Engineering – Part Two – Non-Integer Weights Are A Thing

(Originally posted 2019-05-26.)

Maybe you’ve never thought much about this but aren’t weights supposed to be integer?

Well, they are at the LPAR level. But what about at the engine level?

Let me take you through a recent customer example. The names are changed but the numbers are real, as the one graphic in this post will show. The customer has a z14 ZR1 with 3 general-purpose processors (GCPs). The weights add up to 1000. Nice and tidy. There are two LPARs:

  • PROD – with 3 logical engines and a weight of 965.
  • TEST with 2 logical engines and a weight of 35.
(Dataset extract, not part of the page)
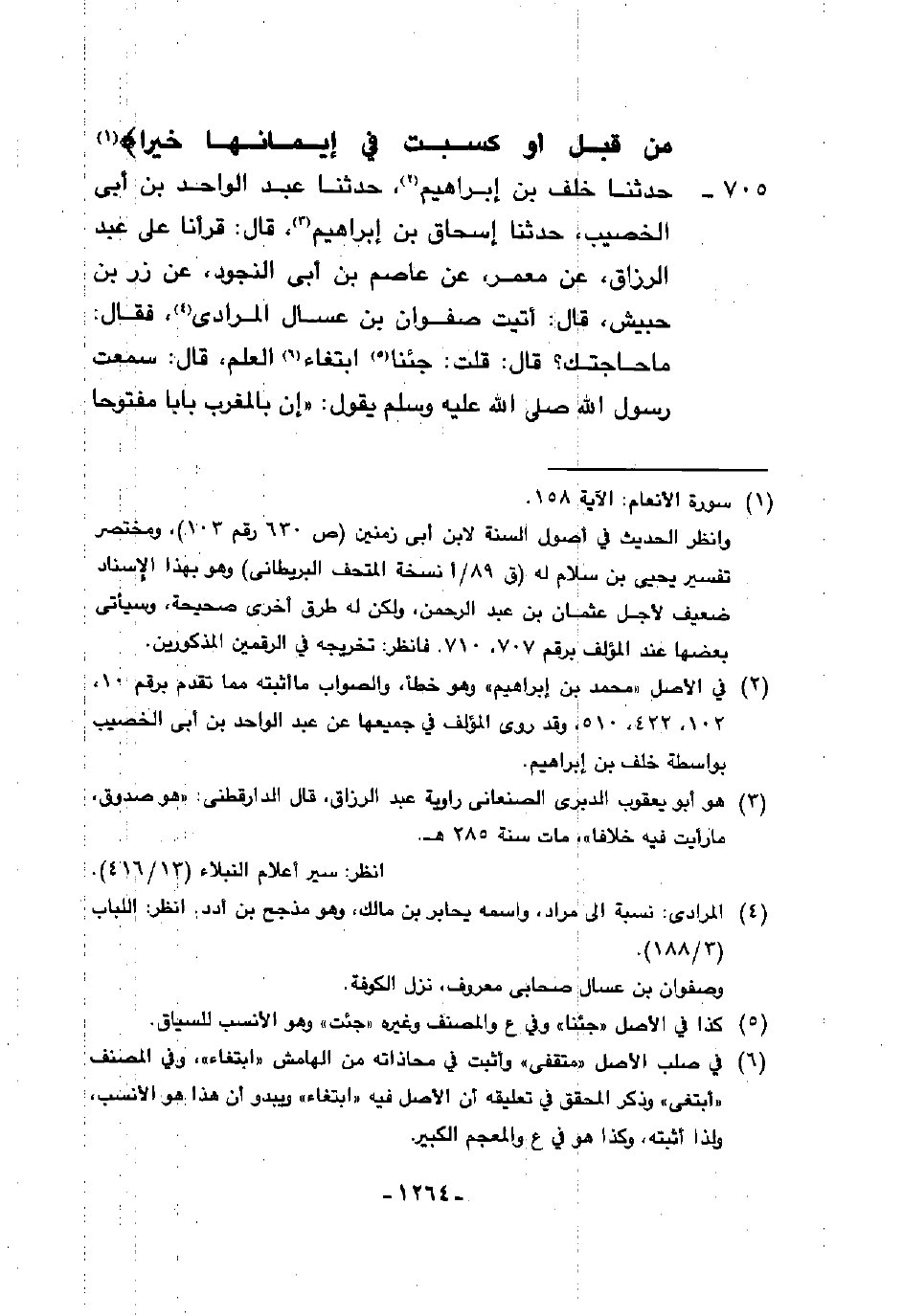 705 - حَدَّثَنَا خَلَفُ بْنُ إِبْرَاهِيمَ، حَدَّثَنَا عَبْدُ الْوَاحِدِ بْنُ أَبِي الْخَصِيبِ، حَدَّثَنَا إِسْحَاقُ بْنُ إِبْرَاهِيمَ، قَالَ: قَرَأْنَا عَلَى عَبْدِ الرَّزَّاقِ، عَنْ مَعْمَرٍ، عَنْ عَاصِمِ بْنِ أَبِي النَّجُودِ، عَنْ زِرِّ بْنِ حُبَيْشٍ، قَالَ: أَتَيْتُ صَفْوَانَ بْنَ عَسَّالٍ الْمُرَادِيَّ فَقَالَ: مَا حَاجَتُكَ؟ قَالَ: قُلْتُ: جِئْنَا ابْتِغَاءَ الْعِلْمِ، قَالَ: سَمِعْتُ رَسُولَ اللَّهِ صَلَّى اللهُ عَلَيْهِ وَسَلَّمَ، يَقُولُ: «إِنَّ §بِالْمَغْرِبِ بَابًا مَفْتُوحًا -[1265]- لِلتَّوْبَةِ مَسِيرَةَ سَبْعِينَ سَنَةً لَا يُغْلَقُ حَتَّى تَطْلُعَ الشَّمْسُ مِنْ مَغْرِبِهَا مِنْ نَحْوِهِ»

Both LPARs are in HiperDispatch mode – which means the logical engines are vertically polarised.

To proceed any further we need to work out what a full engine’s worth of weight is: It’s 1000 / 3 = 333.3 recurring. Clearly not an integer. How do you assign vertical weights given that?

Let’s take the easy case first:

TEST has a weight of 35. Much less than one engine’s worth of weight. It has two logical processors so we would expect:

  • A Vertical Medium (VM) with a weight of 35.
  • A Vertical Low (VL) with a weight of 0.

So, in this case, both the engines have integer weights. So far so good.

Now let’s take the case of PROD. Here’s what I expect:

  • Two Vertical Highs (VHs) each with a weight of 333.3 recurring. Total 666.6 recurring.
  • A Vertical Medium (VM) with weight 965 – 666.6 recurring or 288.3 recurring. (It’s the presence of the non-integer VH’s that forces the VM to be non-integer.)
  • No Vertical Lows (VLs).

When I say “expect” I really mean “what I’ve come to expect”. And I say that because I’ve seen it in reports produced by my code – and ended up wondering if my code was wrong. With the “Engine-ering” initiative, and in general because of HiperDispatch, it’s become more important to understand what’s going on at the logical engine level.

Non-integer weights began to worry me. So I started to investigate. Here’s the process, in strict step order:

  1. My REXX code correctly queries my database at a summary table level and reports what it sees.
  2. My database code correctly summarises the log level table.
  3. My log level table correctly maps the record.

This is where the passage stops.